BTIG has initiated coverage of Level 3 at a “Buy” rating, citing the service provider’s free cash flow and recurring revenue as attractive attributes.
At its current valuation following a sell-off resulting from “disappointing” second-quarter earnings, Level 3 is in a prime spot for investors looking to jump in.
“With speculative buyers likely now largely out of the stock, we believe the current valuation provides a compelling entry point into a recurring revenue, free cash flow generating telecom business,” wrote BTIG analyst Walter Piecyk in a research note. “As net debt falls over the next six-to-nine months, we expect the management team to either repurchase shares or make a strategic acquisition that can refresh margin expansion opportunities, thereby reigniting investor interest if the valuation alone is not compelling enough.”
As Level 3 potentially eyes up further acquisitions, the company has recently become an acquisition target itself. Last month, Level 3 was reportedly looking at “strategic options” and some analysts speculated that Comcast could be a potential suitor.
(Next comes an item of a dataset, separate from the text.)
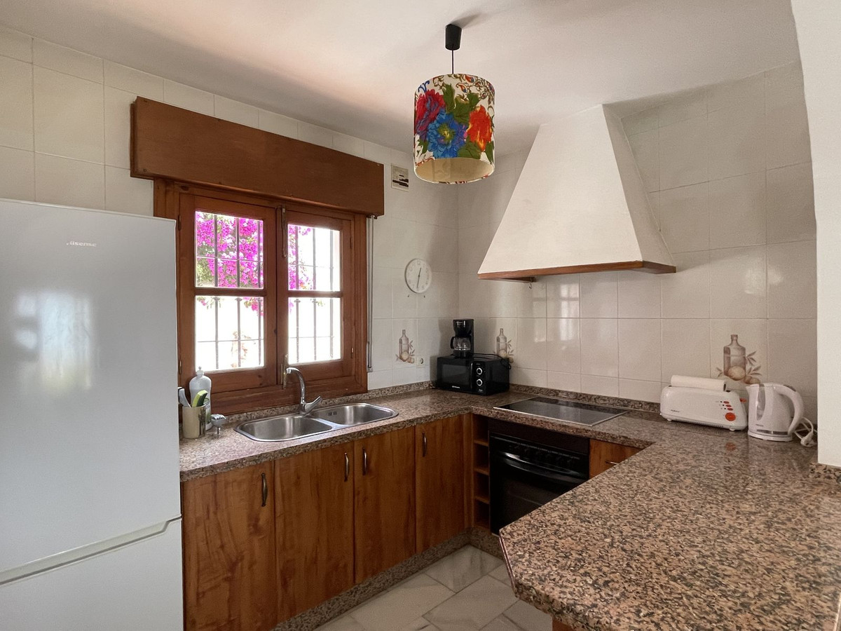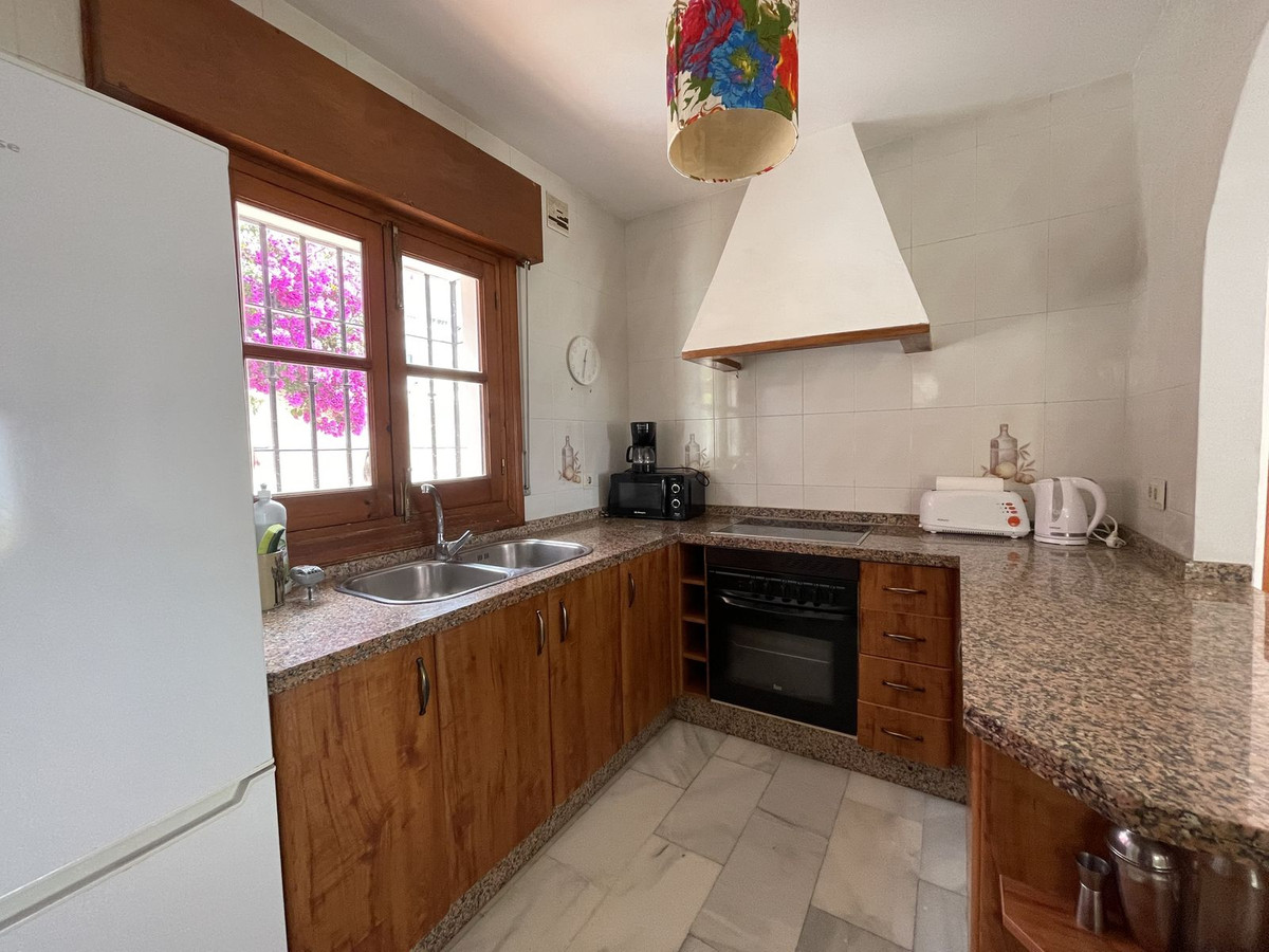 Inside, the home has classic Spanish charm, featuring a spacious lounge with a cosy fireplace, perfect for cooler evenings, and air conditioning for year-round comfort. The layout includes two generously sized bedrooms with fitted wardrobes and two bathrooms, including a master en-suite.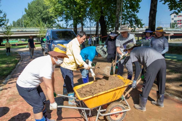앞서 19일은 이재영 증평군수를 비롯해 곽홍근 부군수, 군 직원 40여명이 보강천 미루나무 숲 및 체육공원 수해복구 현장에 투입되어 토사 및 잔해물 정리 작업을 했다.

As BTIG points out, the acquisition rumors caused Level 3’s stock to rally in the weeks leading up to its second-quarter report.
But since, analysts like Wells Fargo’s Jennifer Fritzsche have said that Level 3 in the near-term is more likely a buyer than a seller.
In its most recent quarter, Level 3 watched churn among its smaller enterprise customer base and wholesale customers eat into its revenues.
BTIG feels cable is making a much bigger impact on Level 3 than anticipated, luring away its low-end enterprise customers.
“We do not believe that the churn with low-end enterprise customers, which impacted the second quarter, is complete and are concerned that cable is having a greater competitive impact than many believe,” wrote Piecyk, noting that MSOs could continue investing in their networks as they look for other ways to grow market share.
BTIG is forecasting 1.5 percent sequential growth for Level 3’s CNS (core network services) enterprise business. In addition, the analyst firm predicts Level 3’s wholesale CNS business will continue to decline throughout 2016 and into 2017.
That said, BTIG still expects EBITDA margins will continue to expand in 2016 and 2017 as Level 3 realizes synergies from its TW Telecom and Global Crossing acquisitions.